Frederick Church: Global Artist
Frederic Edwin Church, Cayambe, 1858, The New York Historical. Robert L. Stuart Collection, gift of his widow, Mrs. Mary Stuart, S- 91
The life and work of Frederic Church (1826–1900) was indelibly shaped by global travel. Early trips took him to South America, across the northeastern United States, to Jamaica, and to the icy waters of the North Atlantic. Later he visited Europe and the Near Middle East, and in his final decades he made 15 winter sojourns in Mexico. The designed landscape, global collections, and striking architecture of the home he and his wife Isabel named “Olana” reflect the many worlds through which he traveled.

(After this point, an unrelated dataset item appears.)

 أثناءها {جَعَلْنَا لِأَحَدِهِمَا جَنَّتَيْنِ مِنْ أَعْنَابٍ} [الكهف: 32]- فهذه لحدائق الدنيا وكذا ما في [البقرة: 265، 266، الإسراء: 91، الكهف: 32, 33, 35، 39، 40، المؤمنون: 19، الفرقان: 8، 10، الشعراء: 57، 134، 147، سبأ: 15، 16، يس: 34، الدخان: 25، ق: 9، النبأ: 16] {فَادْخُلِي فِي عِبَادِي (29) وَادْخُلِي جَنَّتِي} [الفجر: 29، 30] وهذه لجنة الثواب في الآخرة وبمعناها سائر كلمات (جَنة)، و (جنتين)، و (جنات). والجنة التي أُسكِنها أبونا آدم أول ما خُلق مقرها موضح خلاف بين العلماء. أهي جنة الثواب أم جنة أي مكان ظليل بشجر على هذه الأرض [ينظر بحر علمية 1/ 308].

Frederic Church: Global Artist examines the artist in his own time and demonstrates his continuing relevance for today’s audiences. Co-curated by Elizabeth Kornhauser, Tim Barringer, and Jennifer Raab, Frederic Church: Global Artist will unite drawings and oil sketches from Church’s travels with examples of his large, extravagantly detailed paintings produced for public exhibition. In addition to rarely seen works from the Olana collection, the exhibition will feature loans from a number of major public and private collections, including the Cooper Hewitt, Smithsonian Design Museum, The New York Historical, and The Terra Foundation for American Art.

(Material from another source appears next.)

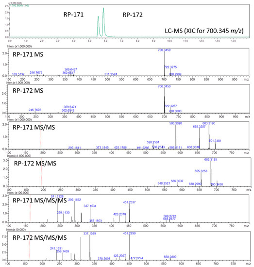 LC-MSn analysis of peptides RP-171 and RP-172. Extracted ion chromatogram (XIC) showing two peaks for the mixture of peptides (top panel): MS panels, all spectra recorded for the retention time of indicated peaks; MS spectra, MS/MS spectra for the precursor ions m/z 700.34, and MS/MS/MS spectra for the precursor ions m/z 586.30.

The exhibition will be accompanied by a groundbreaking new publication from Yale University Press in association with The Olana Partnership, also titled Frederic Church: Global Artist, co-edited by Barringer, Kornhauser, and Raab. This lavishly illustrated volume features original essays by scholars from across the humanities that reveal Church as an artist whose works engage with questions of industrialization and environmental destruction, the rise and fall of empires, the construction of national identity, and the cataclysmic effects of slavery and civil war.